Would you please return the lines of the entries below starting at the line that has "The easiest way" and ending at the line that has "Homcom Carrello da", both included, exactly as they are?

*** Opening of LISTED RECORDS ***

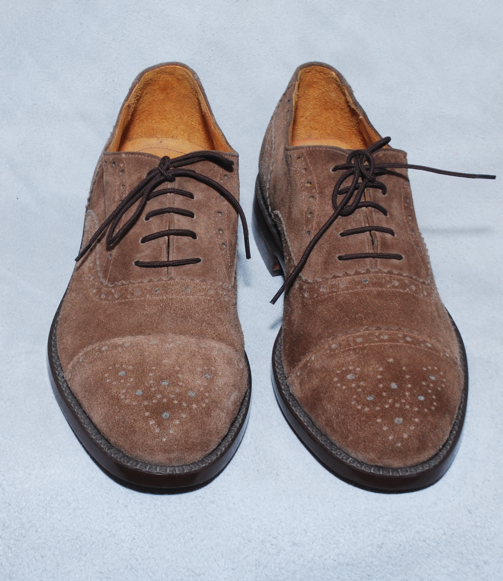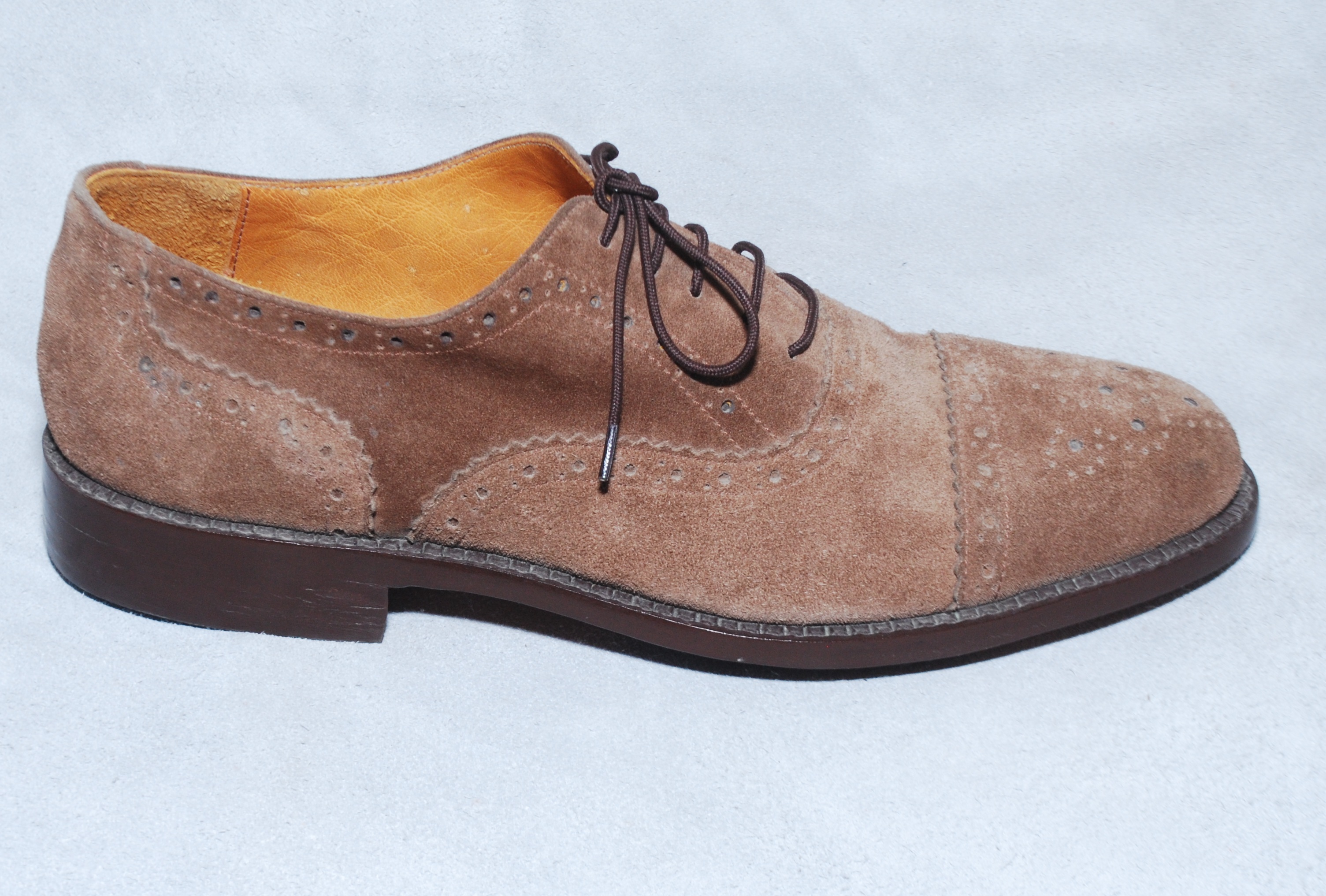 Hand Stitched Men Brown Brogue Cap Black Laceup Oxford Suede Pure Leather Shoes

*** Close of LISTED RECORDS ***
*** Opening of LISTED RECORDS ***

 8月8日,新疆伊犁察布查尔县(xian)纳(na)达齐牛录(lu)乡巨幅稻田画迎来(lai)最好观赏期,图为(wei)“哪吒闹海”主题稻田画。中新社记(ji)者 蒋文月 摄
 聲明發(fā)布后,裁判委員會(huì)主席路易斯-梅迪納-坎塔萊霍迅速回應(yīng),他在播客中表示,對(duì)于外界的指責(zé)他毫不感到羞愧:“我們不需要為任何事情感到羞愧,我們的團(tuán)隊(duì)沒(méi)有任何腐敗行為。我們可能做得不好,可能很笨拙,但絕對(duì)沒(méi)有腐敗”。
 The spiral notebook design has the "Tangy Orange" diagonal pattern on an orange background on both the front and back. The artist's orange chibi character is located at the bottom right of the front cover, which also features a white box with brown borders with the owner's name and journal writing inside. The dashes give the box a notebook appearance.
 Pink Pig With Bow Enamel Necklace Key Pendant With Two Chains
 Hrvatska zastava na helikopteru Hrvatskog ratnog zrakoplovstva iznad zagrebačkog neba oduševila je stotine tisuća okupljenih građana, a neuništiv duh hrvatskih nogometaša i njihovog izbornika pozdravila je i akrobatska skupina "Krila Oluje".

*** Close of LISTED RECORDS ***
*** Opening of LISTED RECORDS ***

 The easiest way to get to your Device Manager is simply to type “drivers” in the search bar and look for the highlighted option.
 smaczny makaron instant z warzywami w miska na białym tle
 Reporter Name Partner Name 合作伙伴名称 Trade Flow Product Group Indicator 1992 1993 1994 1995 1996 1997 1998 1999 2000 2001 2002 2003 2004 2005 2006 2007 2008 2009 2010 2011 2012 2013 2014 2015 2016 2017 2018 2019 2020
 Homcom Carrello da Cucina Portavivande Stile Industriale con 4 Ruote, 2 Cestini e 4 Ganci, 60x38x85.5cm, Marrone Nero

*** Close of LISTED RECORDS ***

:: WRITTEN SOLUTION ::
 The easiest way to get to your Device Manager is simply to type “drivers” in the search bar and look for the highlighted option.
 smaczny makaron instant z warzywami w miska na białym tle
 Reporter Name Partner Name 合作伙伴名称 Trade Flow Product Group Indicator 1992 1993 1994 1995 1996 1997 1998 1999 2000 2001 2002 2003 2004 2005 2006 2007 2008 2009 2010 2011 2012 2013 2014 2015 2016 2017 2018 2019 2020
 Homcom Carrello da Cucina Portavivande Stile Industriale con 4 Ruote, 2 Cestini e 4 Ganci, 60x38x85.5cm, Marrone Nero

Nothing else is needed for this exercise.